Unsupervised dense random survival forests identify interpretable patient profiles with heterogeneous treatment benefit
Xingyu Li, Qing Liu, Tony Jiang, Hong Amy Xia, Peng Wei, Brian P. Hobbs

TL;DR
This paper introduces an unsupervised machine learning method using dense random survival forests to identify patient subgroups with heterogeneous treatment benefits in cancer, enhancing precision oncology.
Contribution
It presents a novel, robust, and interpretable approach with a new splitting rule to detect treatment-effect heterogeneity in clinical trial data.
Findings
Successfully detects patient subgroups with different treatment responses
Maintains a low Type I error rate of 1% in simulations
Validates heterogeneity in real clinical trial datasets
Abstract
Precision oncology aims to prescribe the optimal cancer treatment to the right patients, maximizing therapeutic benefits.
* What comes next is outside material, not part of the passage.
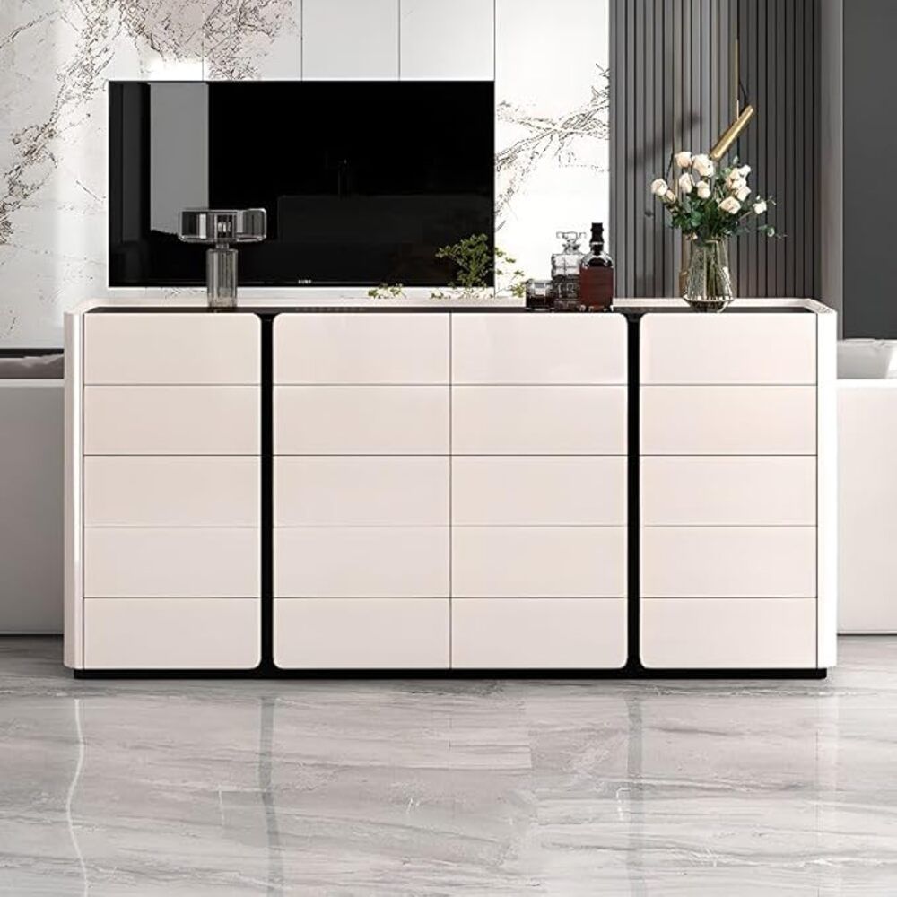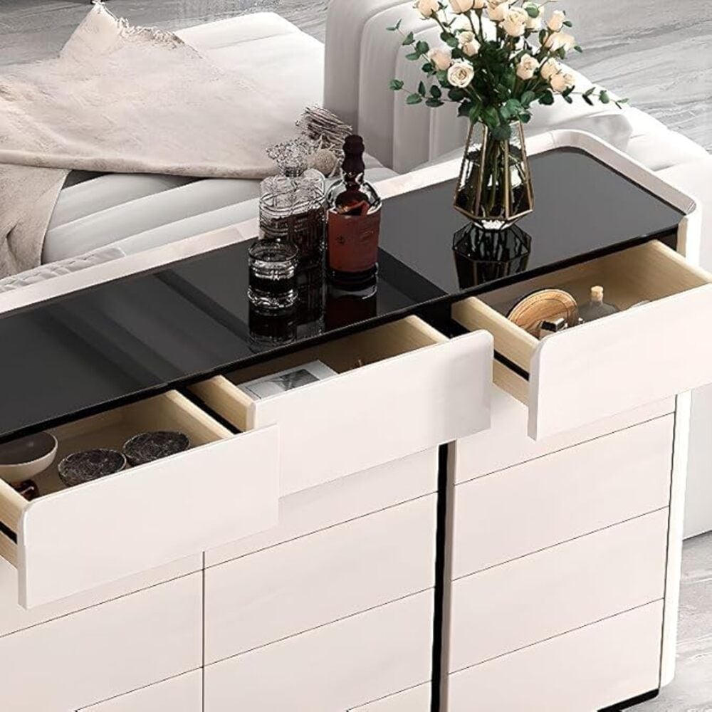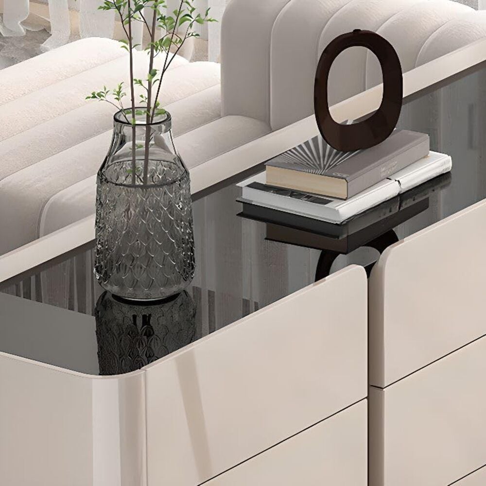 【CONSTRUCTION】 Durable cabinet with 4 pull-out drawers and tempered glass top surface for additional decorative display space

However, identifying patient subgroups that may benefit more from experimental cancer treatments based on randomized clinical trials presents a significant analytical challenge. To address this, we introduce a novel unsupervised machine learning approach based on very dense random survival forests (up to 100,000 trees), equipped with a new splitting rule that explicitly targets treatment-effect heterogeneity. This method is robust, interpretable, and effectively identifies responsive subgroups. Extensive simulations confirm its ability to detect heterogeneous patient responses and distinguish between datasets with and without heterogeneity, while maintaining a stringent Type I error rate of 1%. We further validate its performance using Phase III randomized clinical…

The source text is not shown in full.